Due to shut down of the plants and non-utilisation of raw materials and other items and also holding of inventory including finished goods as such over the period from 8th September, 2024 upto 31st December, 2024, the management of the company considered it appropriate to physically verify the materials as lying at factories with a view to determine realizable values or values in use of various items of inventories including raw materials, packing materials, coal, finished goods, stock-in-process and also stores items. Accordingly, physical verification of inventories was carried out at Halvad Plant by technical persons and it was reported to the management that:
i. The quality of raw materials of various grades i.e. waste paper has been degraded such that it will give low yields and low strength due to water mixing in paper fiber, moisture, fungal growth, environmental effects and other factors relating to storage and natural effects.
ii. The quality of various items of chemical deteriorated due to self-life and other factors affecting the chemical composition of respective items.
iii. The packing material quality deteriorated due to damage to material on account of non-use and time factor.
iv. The quality of coal deteriorated due to moisture, non-use and natural effects.
However, considering the effects of assessment as already given to the valuation of inventories in December-2024 and on further assessment of quality as at 31st March, 2025 for the financial year ended 31st March, 2025 no further write down was deemed appropriate by the management in respect of various items of inventories.

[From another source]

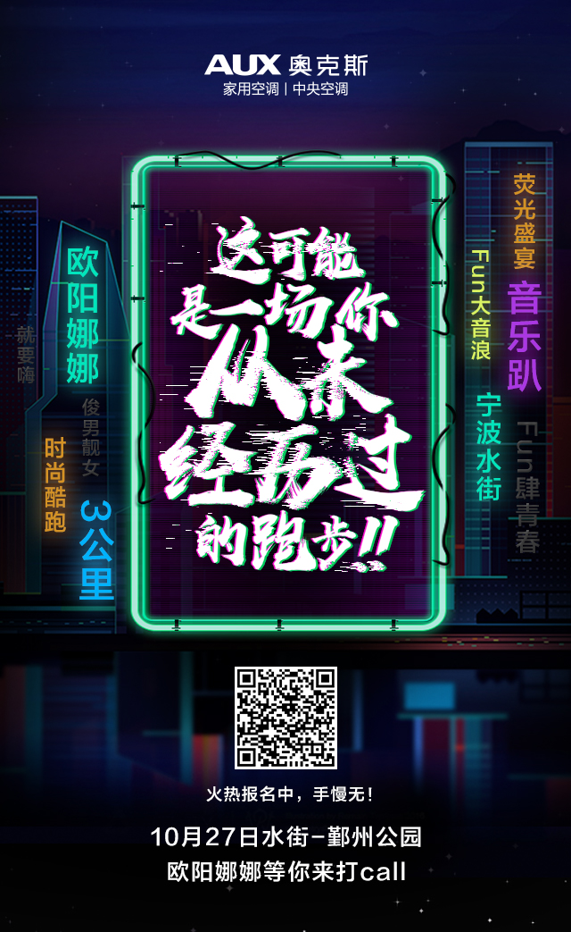 据悉,一场宁波鄞州区团委及奥克斯联合主办的“AUX RUN荧光乐跑”即将于10月27日在宁波水街-鄞州公园拉开帷幕。作为赛事活动的重要组成部分,奥克斯公益跑鞋计划二期也将同步落地。

The standalone financial statements for the year ended includes the above effect of inventories write-down off Rs. 973.64 under the respective heads of expenses
v) The Standalone Financial Statements were authorised for issue by the Board of Directors on 29th May, 2025.
x) The previous year’s figures have been reworked, regrouped and reclassified wherever necessary so as to make them comparable with those of the current year.
The Standalone Financial Statements have been presented in Indian Rupee (?) in Lakhs rounded off to two decimal points as per amendment to Schedule III to the Companies Act, 2013.
The figures wherever shown in bracket represent deductions.